The LOGISTIC Procedure
Model Information
Response Variable LungCa
Number of Response Levels 2
Number of Observations Read 327
Number of Observations Used 327
Response Profile
Ordered Total
Value LungCa Frequency
1 yes 122
2 no 205
Probability modeled is LungCa='yes'.
Model Fit Statistics
Intercept
Intercept and
Criterion Only Covariates
AIC 434.019 404.410
SC 437.809 415.780
-2 Log L 432.019 398.410
Testing Global Null Hypothesis: BETA=0
Test Chi-Square DF Pr > ChiSq
Likelihood Ratio 33.6087 2 <.0001
Score 32.6373 2 <.0001
Wald 30.1337 2 <.0001
Type 3 Analysis of Effects
Wald
Effect DF Chi-Square Pr > ChiSq
smoker 1 22.3236 <.0001
age 1 10.3185 0.0013
Analysis of Maximum Likelihood Estimates
Standard Wald
Parameter DF Estimate Error Chi-Square Pr > ChiSq
Intercept 1 -3.0705 0.6647 21.3417 <.0001
smoker yes 1 1.1440 0.2421 22.3236 <.0001
age 1 0.0329 0.0103 10.3185 0.0013
Odds Ratio Estimates
Point 95% Wald
Effect Estimate Confidence Limits
smoker yes vs no 3.139 1.953 5.046
age 1.033 1.013 1.054
a. Give and interpret the odds ratio for each independent variable (it might be easiest to interpret these as estimates of relative risks).
b. For each variable, give the CI for the odds ratio, state whether or not its CI includes 1, and what this implies.
Survival analysis is used to model survival time (in months) after a diagnosis of pancreatic cancer. A Kaplan-Meier curve is presented for the two treatment types (Experimental or Standard).
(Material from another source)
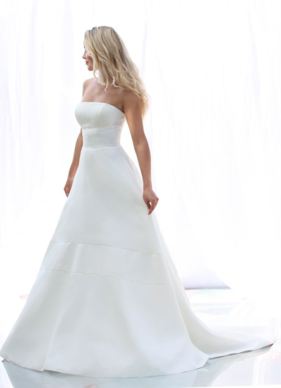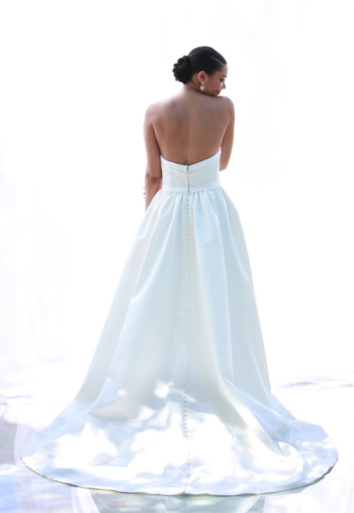 Chic and timeless, this satin ball gown showcases a strapless cut and straight, fold-over neckline that elegantly frames the décolletage. The sleek bodice falls to a natural waistline complete with a polished, bow-adorned belt. Simple yet stately, the full, pleated skirt is paired with an endless row of fabric-covered buttons that flows into a beautiful train.

Also, a Cox proportional hazards model is used, which adjusts for sex, race, and BMI. Edited results are below.
The PHREG Procedure
Model Information
Data Set WORK.ONE
Dependent Variable months
Censoring Variable censor
Number of Observations Read 508
Number of Observations Used 508
Type 3 Tests
Wald
Effect DF Chi-Square Pr > ChiSq
treatment 1 19.5948 <.0001
sex 1 0.0003 0.9851
race 1 7.5735 0.0059
BMI 1 5.2431 0.0220
Analysis of Maximum Likelihood Estimates
Parameter Standard Hazard 95% Hazard Ratio
Parameter DF Estimate Error Chi-Square Pr > ChiSq Ratio Confidence Limits
treatment E 1 0.48363 0.10926 19.5948 <.0001 1.622 1.309 2.009
sex F 1 -0.00205 0.10961 0.0003 0.9851 0.998 0.805 1.237
race B 1 0.29154 0.10594 7.5735 0.0059 1.338 1.088 1.647
BMI 1 0.04968 0.02170 5.2431 0.0220 1.051 1.007 1.097
a. Give the hazard ratio and corresponding confidence interval for treatment (note that Standard is the referent level). Interpret this hazard ratio, state whether or not its CI includes 1, and what this implies.